- President: Rachelle Smook
- Secretary General: Johan Edward
- Treasurer: Merel Warmerdam
- Founded: 3 March 1984; 41 years ago
- Headquarters: Lange Houtstraat 11, The Hague
- Ideology: Social liberalism
- Mother party: Democrats 66
- International affiliation: International Federation of Liberal Youth (IFLRY)
- European affiliation: European Liberal Youth (LYMEC)
- Website: www.jongedemocraten.nl

= Young Democrats (Netherlands) =

Youth wing

The Young Democrats (Jonge Democraten; JD) is a social-liberal youth organisation in the Netherlands, founded in 1984. Although independent, it is affiliated with the social-liberal Democrats 66 party. With over 5,000 members, it is the largest political youth organisation of the Netherlands.

==Principles==
According to its Declaration of Principles, the Young Democrats are a liberal-democratic youth organisation. Its main objective is to contribute to the individual development of every person. Core values of the Young Democrats are liberty, equality, solidarity, sustainability and pragmatism. The JD is also in favour of the radical democratisation of society.

==Policies==
- The Young Democrats advocate preparing the Netherlands for the consequences of an ageing society. They suggest increasing labour participation by reforming social security. JD is in favour of gradually raising the retirement age to 67 years from the current age of 65.

Young Democrat (r) and MEP Sophie in 't Veld (formerly affiliated with D66) campaigning in favour of the European Constitution

- The Young Democrats are in favour of ending the right of faith-based schools to refuse enrolment by pupils on the basis of religion.
- The Young Democrats are supporters of gradually phasing out tax breaks for home owners paying interest on a mortgage.
- The Young Democrats are staunch defenders of civil liberties.

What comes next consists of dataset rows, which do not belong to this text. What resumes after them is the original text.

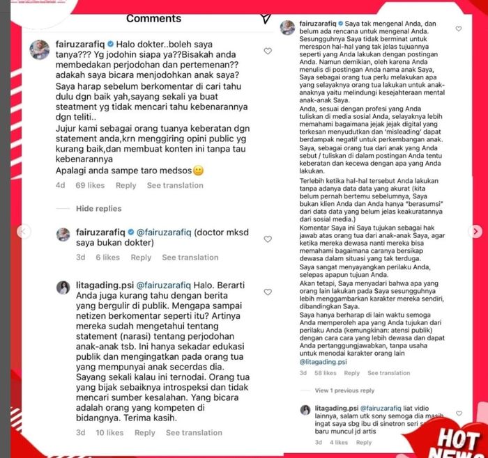 "Kalo menurut aku memang betul kata dokter lita . Ini sifatnya edukasi juga buat netizen . Jangan suka jodoh2in apalagi anak2," @mely***.
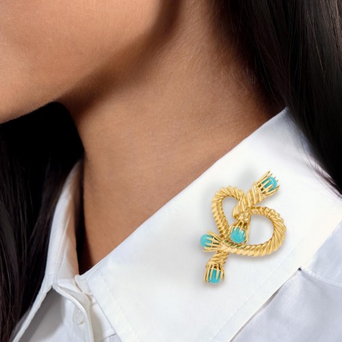 Tiffany & Co. Schlumberger 1960’s Turquoise 18 Karat Yellow Gold Vintage Rope Heart Brooch
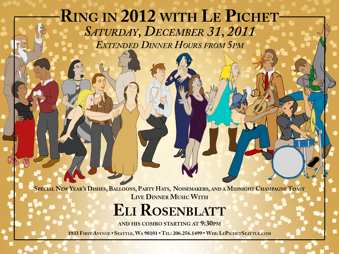 Le Pichet will be ringing in 2012 with extended dinner hours beginning at 5pm, festive party favors, hats, balloons, confetti and noisemakers and a Champagne toast at midnight. Wine director Joanne Herron has selected a special list of sparkling wines and Champagnes to accompany your festivities. In addition to our regular menu, we will be offering daily specials that feature foods that the French love to eat on New Year’s Eve; the details are under wraps for now, but think lobster and foie gras as well as festive desserts to finish the evening. Dinner music will be provided by Eli Rosenblatt and his combo beginning at 9:30pm.
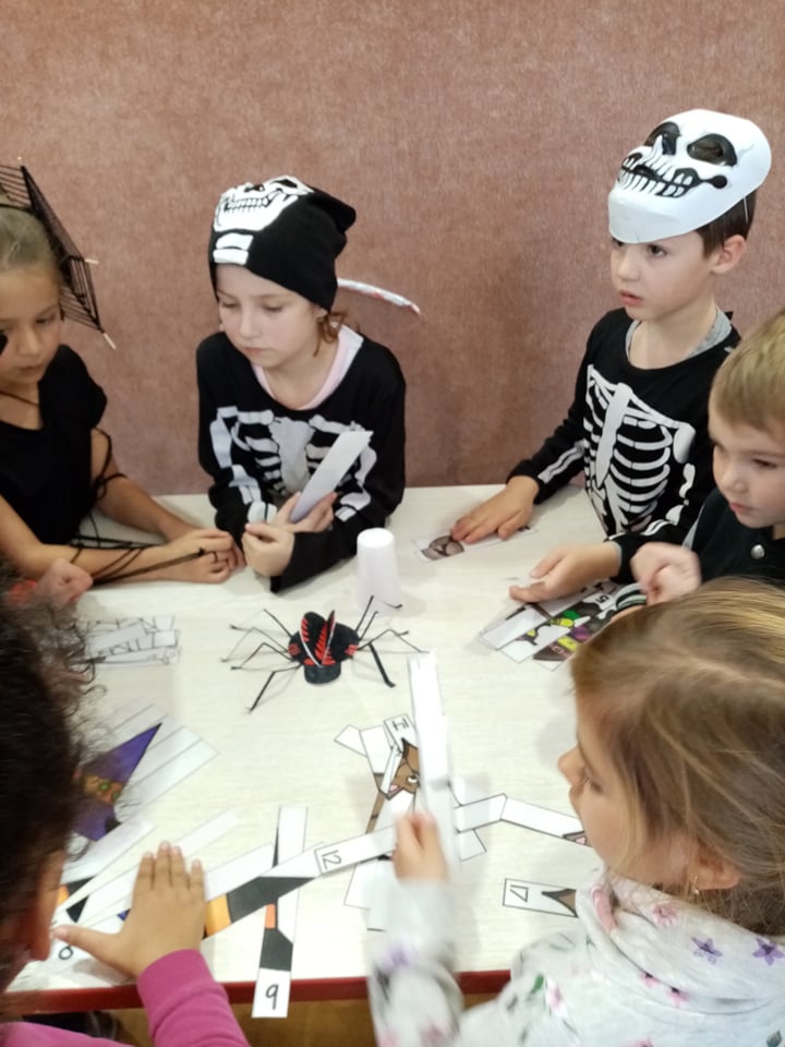 Prvňáčci se převlékli do strašidelných kostýmů a pro mladší kamarády si přichystali zábavné soutěžní dopoledne. Budoucí školáci mohli soutěžit v těchto disciplínách: strašidelné počítání, Halloweenské piškvorky, čarodějnické puzzle, hod na ježibabin domeček, atd.
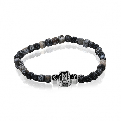 Стильный браслет выполнен из бусин агата, украшен вставкой из родированного серебра 925 пробы с руной "Дагаз"
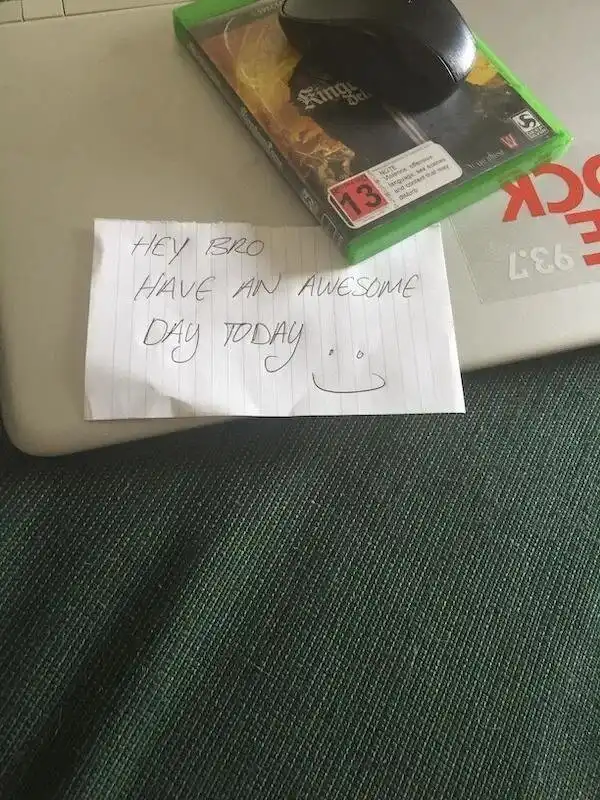 "Недавно у меня случилась небольшая депрессия, и мой сосед по квартире оставил мне сегодня записку с пожеланием хорошего дня".
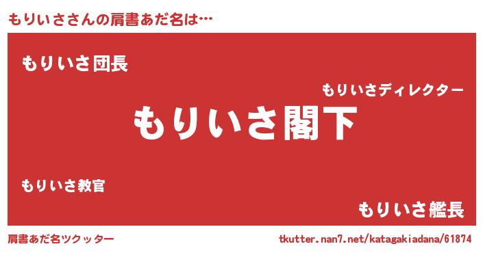 | 意味不明あだ名 | 『自称もりいさ』『もりいさフォーエバー』 |

They continue to support liberal reforms attained by D66 in the past in eras such as euthanasia, gay marriage, abortion and the legalisation of sex work. The JD also wishes to see the production of softdrugs legalised.
- The Young Democrats oppose counter-terrorism measures that are neither proportional nor have proven effective. In particular, JD opposes current legislation obliging citizens to be able to prove their identity at any time. JD rejects a ban on the wearing of the burqa in public spaces.
- The Young Democrats are in favour of more direct democracy in the form of referendums and direct elections for the offices of Prime Minister and mayor.
- The Young Democrats are in favour of more investment in renewable energy sources and fully support the Kyoto Protocol. The JD is not opposed to nuclear energy, as it contributes to cutting greenhouse gas emissions.
- The Young Democrats are European federalists and wish to see more European cooperation on immigration, defence and foreign policy.
- The Young Democrats are strong supporters of international law and human rights.

==Organisation==
Within the Young Democrats power lies with the members. The Congress is the sovereign body of the Young Democrats and meets three times a year. During the Congress members of the National Board are elected individually and JD policy is decided through resolutions, amendments and motions. All members have equal say through the one man, one vote system.

===National Board===
The day-to-day management of the Young Democrats is in the hands of the National Board, the members of which are:
- President: Rachelle Smook
- Secretary-General: Johan Edward
- Treasurer: Merel Warmerdam
- Political Officer: Rune Oomen
- Organisation Officer: Shaniqua Monsels
- Internal Affairs Officer: Douwe Brandenburg
- External Affairs Officer: Yarnick Pander

===Local branches===
Currently, the Young Democrats have eight local branches, most of which are based in university cities, such as Amsterdam, Utrecht, Rotterdam and Leiden. Every branch has a local board and organises regular general meetings where local board members are elected and policy is decided. Every local member has the right to vote at the local general meetings.
The local branches are:
- Amsterdam, for the province of North Holland and the Flevopolder
- Leiden-Haaglanden, for Leiden, The Hague and Delft
- Rotterdam, for the southern part of the province of South Holland and the province of Zeeland
- Brabant, for the province of North Brabant
- Limburg, for the province of Limburg
- Arnhem-Nijmegen, for the provinces of Gelderland and Overijssel
- Utrecht, for the province of Utrecht
- Groningen-Drenthe, for the provinces of Groningen and Drenthe
- Fryslân, for the province of Friesland

==International ties==
The Young Democrats of the Netherlands, similarly to the Youth Organisation Freedom and Democracy (JOVD), are members of both the European Liberal Youth (LYMEC) and the International Federation of Liberal Youth (IFLRY).
Young Democrat Bart Woord was the president of the IFLRY Bureau from November 2009 to November 2010.
Furthermore, there exist close bilateral ties with the German, Belgian, British and Tunisian young liberals.